[Data items]
________________

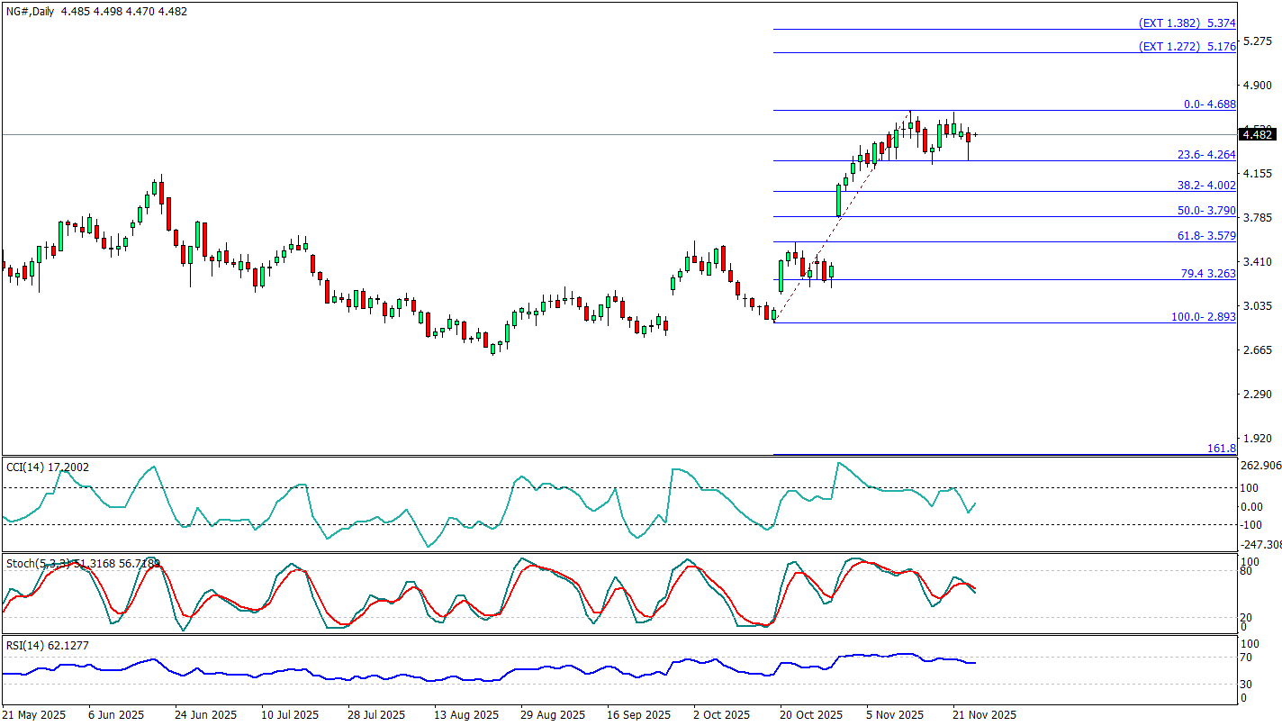 Doğalgazda ekim ortasından bu yana 2,89’dan başlayan güçlü ralli 4,69 zirvesinde şimdilik yatay bir konsolidasyona dönmüş durumda; fiyat 4,48 civarında 0,0 Fibonacci (4,69) ile 23,6% düzeltme (4,26) arasında sıkışırken RSI’ın 60’lar üzerinde kalması ve CCI’ın pozitif bölgede tutunması, momentumun zayıflasa da hâlen bozulmadığını gösteriyor. 4,26–4,00 bandı yukarı trend için ilk kritik destek bölgesi olarak öne çıkarken, bu bölgenin üzerinde kalındığı sürece 4,69 zirvesinin yeniden test edilmesi ve kırılması hâlinde 5,17–5,37 (1,272–1,382 fibo uzatma) hedeflerinin gündemde kalması teknik olarak mümkün; buna karşılık 4,26 altında kapanışlar 3,79 ve altına doğru daha derin bir düzeltmeyi tetikleyebilir. Makro tarafta ise, EIA’nın 2025 için üretim tahminini rekor seviyelere yukarı revize etmesi ve günlük üretimin tarihi zirvelere yakın seyretmesi, bu yükselişin üzerinde “arz bolluğu” kaynaklı önemli bir tavan baskısı oluşturuyor.
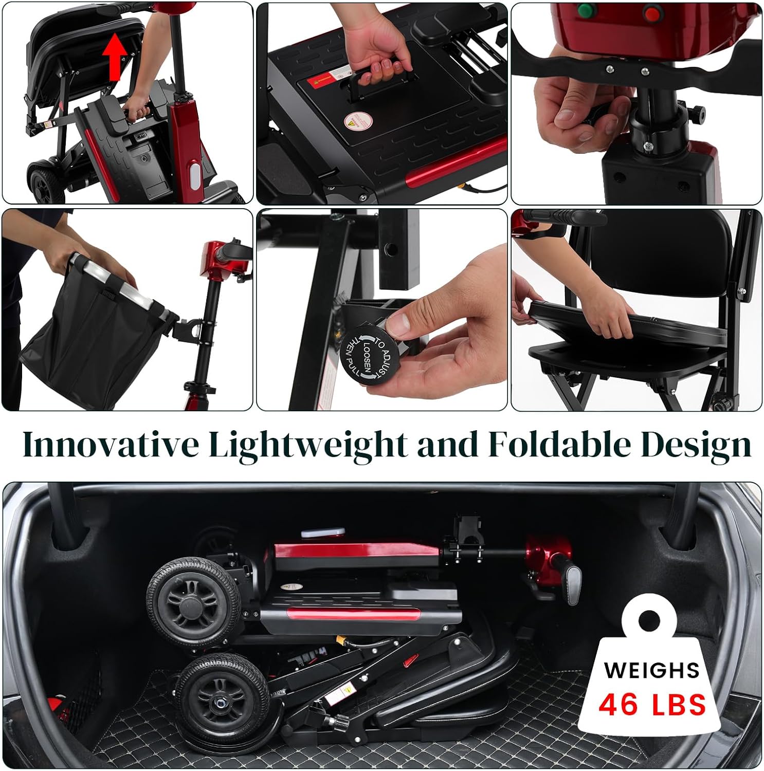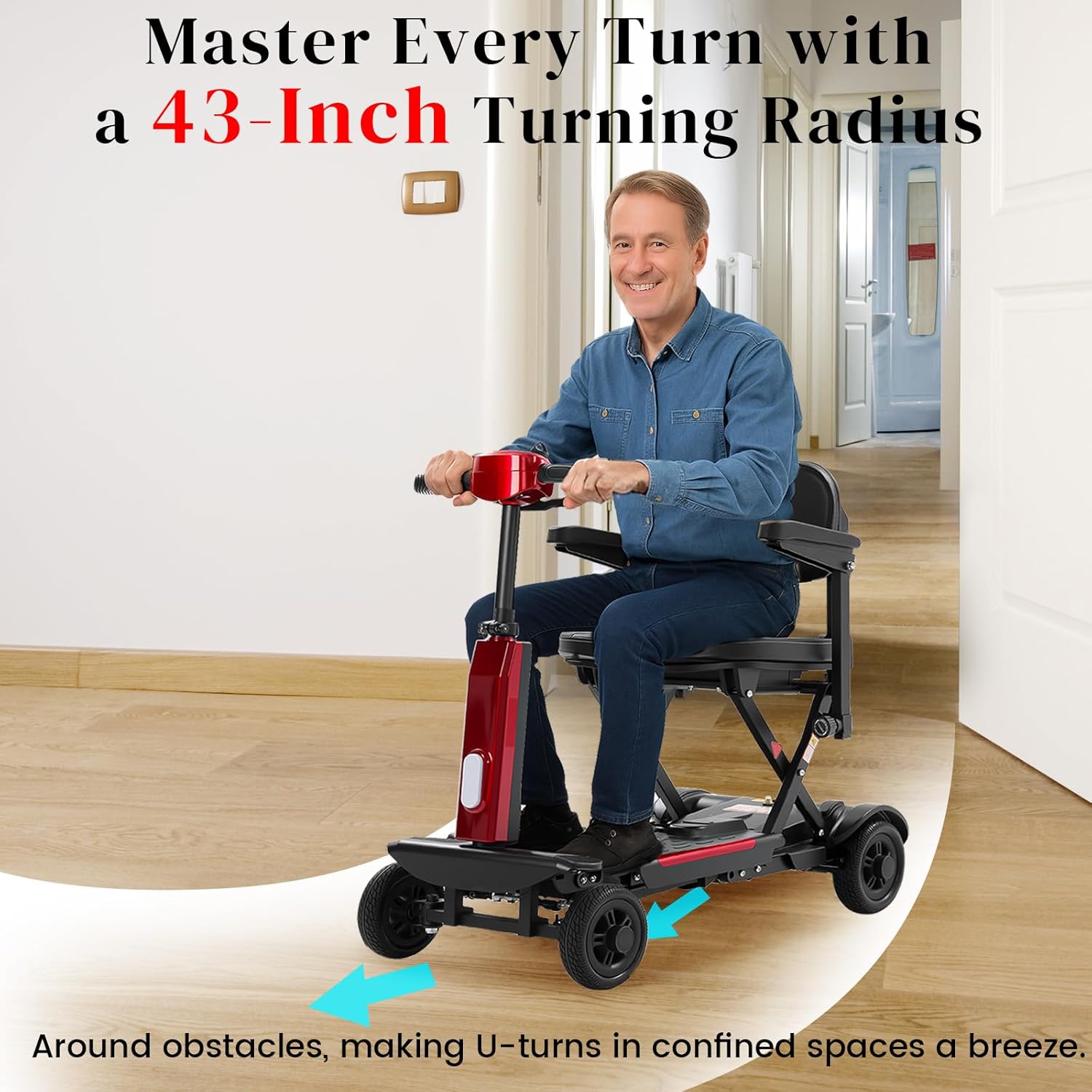Unique Half-Folding Design for Ultimate Portability:Unlike traditional scooters that fold from the front, the MS02-F features a unique half-folding design—it folds directly in the middle to achieve an ultra-compact shape for easy storage. This innovative structure sets it apart as one of the lightest folding mobility scooters on the market, making it perfect for users who value portability and minimal storage space
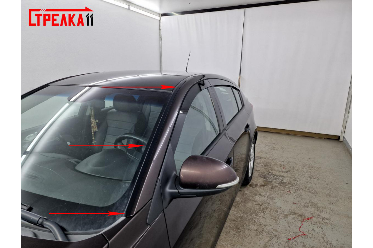 - Устанавливается дефлектор на переднюю стойку автомобиля, по всей длине стойки к ближнему краю лобового стекла. (рис.1)
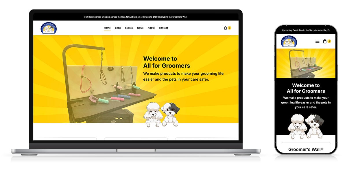 All for Groomers develops innovative products for the professional pet grooming industry—tools and solutions designed by groomers, for groomers. Needing some help with an upgrade, they turned to our team for a fresh rebuild that would restore function, improve the shopping experience, and better reflect the quality of their brand.
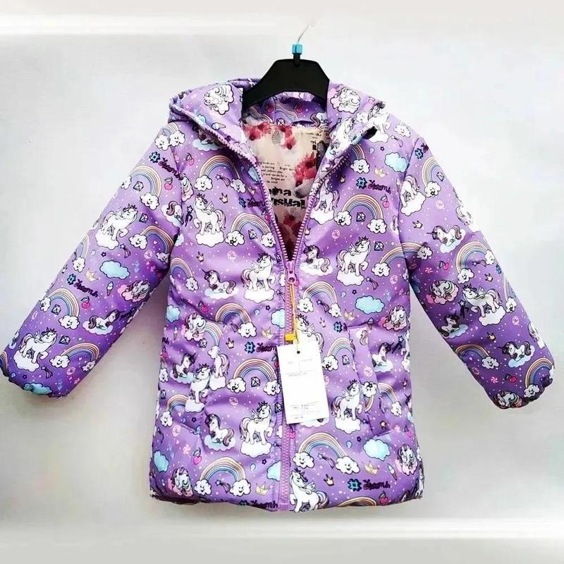 Курточка💣 "Единорог" 104-116 Розмір 104,116 Склад :плащівка принтована вітро/водонепроникна; -підкладка основи: 150 синтепон; - підкладка рукава та полочок нейлон; Кольор: бузьковий Спинка у куртці подовжена; Рукова на резинці; є бокові функціональні кішені для цукерок Капюшон не відстібається.

________________

WORK REQUIRED:
Leave the pictures out and output the rest of the data word for word.

EXERCISE ANSWER:
 Doğalgazda ekim ortasından bu yana 2,89’dan başlayan güçlü ralli 4,69 zirvesinde şimdilik yatay bir konsolidasyona dönmüş durumda; fiyat 4,48 civarında 0,0 Fibonacci (4,69) ile 23,6% düzeltme (4,26) arasında sıkışırken RSI’ın 60’lar üzerinde kalması ve CCI’ın pozitif bölgede tutunması, momentumun zayıflasa da hâlen bozulmadığını gösteriyor. 4,26–4,00 bandı yukarı trend için ilk kritik destek bölgesi olarak öne çıkarken, bu bölgenin üzerinde kalındığı sürece 4,69 zirvesinin yeniden test edilmesi ve kırılması hâlinde 5,17–5,37 (1,272–1,382 fibo uzatma) hedeflerinin gündemde kalması teknik olarak mümkün; buna karşılık 4,26 altında kapanışlar 3,79 ve altına doğru daha derin bir düzeltmeyi tetikleyebilir. Makro tarafta ise, EIA’nın 2025 için üretim tahminini rekor seviyelere yukarı revize etmesi ve günlük üretimin tarihi zirvelere yakın seyretmesi, bu yükselişin üzerinde “arz bolluğu” kaynaklı önemli bir tavan baskısı oluşturuyor.
Unique Half-Folding Design for Ultimate Portability:Unlike traditional scooters that fold from the front, the MS02-F features a unique half-folding design—it folds directly in the middle to achieve an ultra-compact shape for easy storage. This innovative structure sets it apart as one of the lightest folding mobility scooters on the market, making it perfect for users who value portability and minimal storage space
 - Устанавливается дефлектор на переднюю стойку автомобиля, по всей длине стойки к ближнему краю лобового стекла. (рис.1)
 All for Groomers develops innovative products for the professional pet grooming industry—tools and solutions designed by groomers, for groomers. Needing some help with an upgrade, they turned to our team for a fresh rebuild that would restore function, improve the shopping experience, and better reflect the quality of their brand.
 Курточка💣 "Единорог" 104-116 Розмір 104,116 Склад :плащівка принтована вітро/водонепроникна; -підкладка основи: 150 синтепон; - підкладка рукава та полочок нейлон; Кольор: бузьковий Спинка у куртці подовжена; Рукова на резинці; є бокові функціональні кішені для цукерок Капюшон не відстібається.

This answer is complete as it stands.